The Birmingham-based water and sewerage company was the only one in the industry to miss its leakage reduction targets last year.
It also faces prosecution by the Serious Fraud Office following claims that it fed false leakage data to the industry regulator.
The most up-to-date figures showed that ST lost 525 million litres of water every day in the year to March 2007. It plugged waste by nine million litres a day, but was well short of the 17 million litres target set by regulator Ofwat.
At the time the figures were announced last August, ST said it was spending an extra £45 million on tackling the problem.
In an interim management statement to the stock market yesterday, it said: "Our focus on continuous improvement is delivering tangible results in our improved performance on leakage management, with a significant reduction in levels of leakage.
"We remain on track to achieve the Ofwat annual target for the year ending March 31, 2008."
Yesterday's brief statement, which came ahead of a pre-close period trading update on April 2, said the gross economic cost of last summer's flooding remained unchanged at between £25 million and £35 million.
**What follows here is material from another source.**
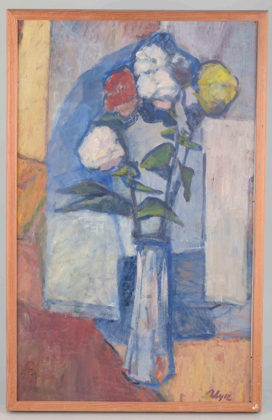 Et modernistisk stilleben med roser i en høj glasvase, udført i et forenklet formsprog med kubistisk inspiration. Farverne holdes i dæmpede blå og rosa toner med kontraster i gult og rødt, hvilket skaber en harmonisk og dekorativ komposition.

Expected insurance recoveries also remain unchanged at £10 million-£20 million.
At the time of its interim results announcement last November, ST said the cost of the floods across Tewkesbury, Cheltenham and Gloucester had washed away its profits growth.
Flooding forced the evacuation of the company's Mythe water treatment works near Tewkesbury and 50 million litres of bottled water were distributed to afflicted customers.
It was said to be the biggest single emergency that the UK water industry had ever faced.
ST also said yesterday that current trading was in line with expectations and it was on track to meet Ofwat's operating cost targets for the full year 2007-08.
The company, which serves 3.7 million household and business customers across central England and parts of Wales, has recently axed hundreds of jobs as it restructured and turned itself from a multi-interest conglomerate back into a core water and sewerage business with a greatly streamlined management structure. It has plans to relocate its HQ from Sheldon to a new £45 million base in Coventry.